The Dicerie were meant to be read at court rather than recited from a pulpit. They
present a major element of novelty in contemporary homiletic literature: it consists in the
adoption of a new, experimental (but, as Ardissino points out, not totally without
precedents) method of elocutio-driven inventio, based on the election and continuative
adoption of only one metaphor. In the first discourse, after having stated the primacy of
painting according to the arguments of a long-standing dispute on the hierarchy of the
arts, the orator praises the shroud as the work of a painter, God, enamored of man, who
paints the figure of Christ using the blood of redemption: hence, the shroud is of
foundational importance for the imitatio Christi. The shroud gives Turin and the house
of Savoy (as the guardians of the relic chosen by God) the privilege and the task of
revealing the mysteries of the linen. The other two discourses, having postulated their
cardinal metaphoric correspondences for music (Pan/Christ) and for heaven (knights/
stars and constellations), proceed on the same lines, creating encyclopedic narratives and
ekphrases.
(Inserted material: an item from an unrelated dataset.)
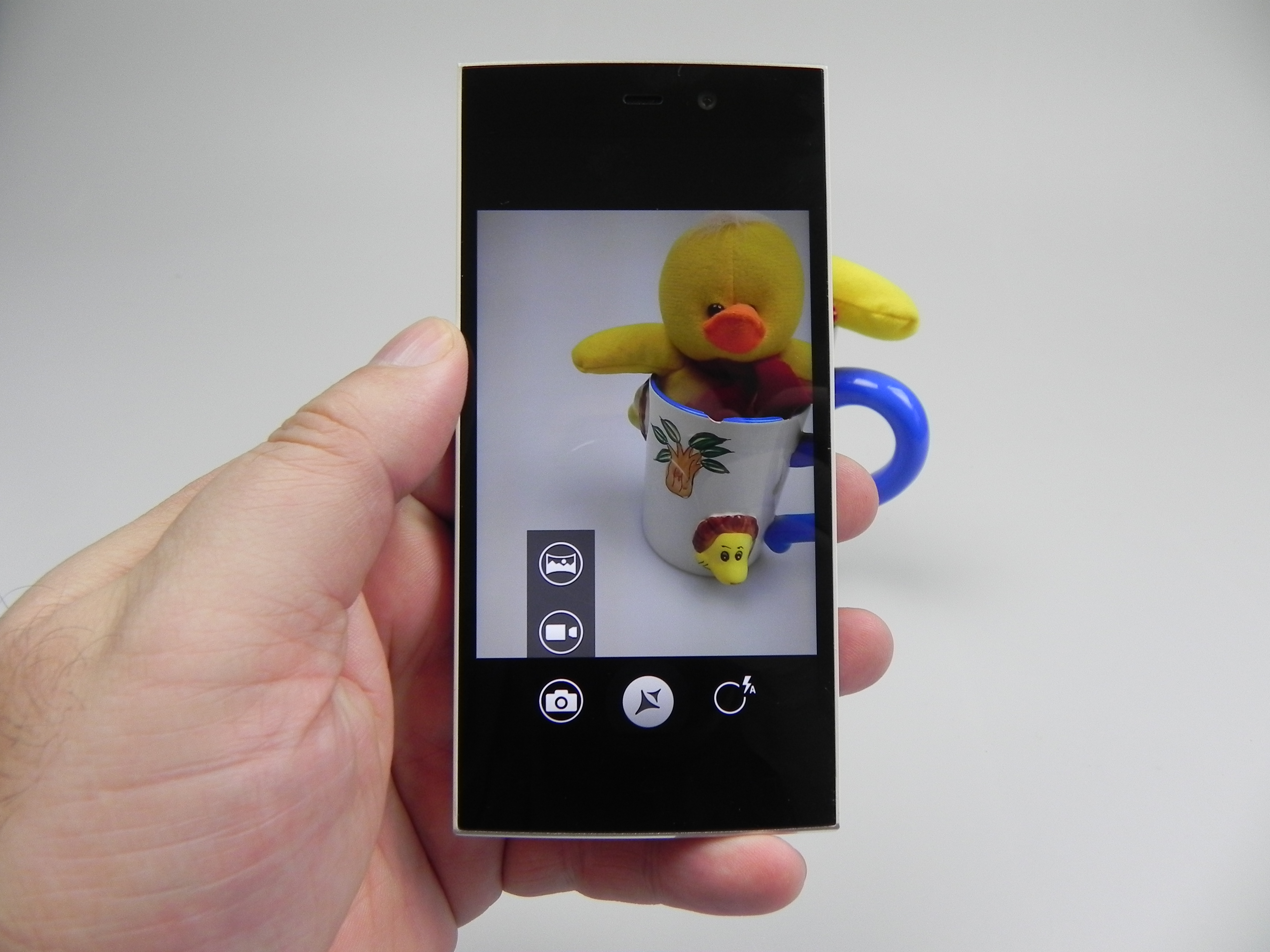 The front camera is the appealing part, a 4 MP unit with Ultrapixel technology and 2 micron pixel size. It’s an Omnivision OV 4688 sensor in the mix, from 2013, a model also used on HTC One handsets as the main camera. It measures 1/3 inches and uses lower power. The camera UI is similar to what we saw on the Jelly Bean stock camera app, but slightly tweaked.

Ultimately, as Ardissino points out, in compliance with a Boterian notion of
“ragion di stato,” in the Dicerie sacred and secular are not in opposition or in an
instrumental relationship but harmoniously support each other, in Marino’s view,
through the aesthetic power of literature and the arts. This volume is of great importance
not only for scholars of religious oratory and of rhetoric, but also for students of early
seventeenth-century prose and of emblem and device studies.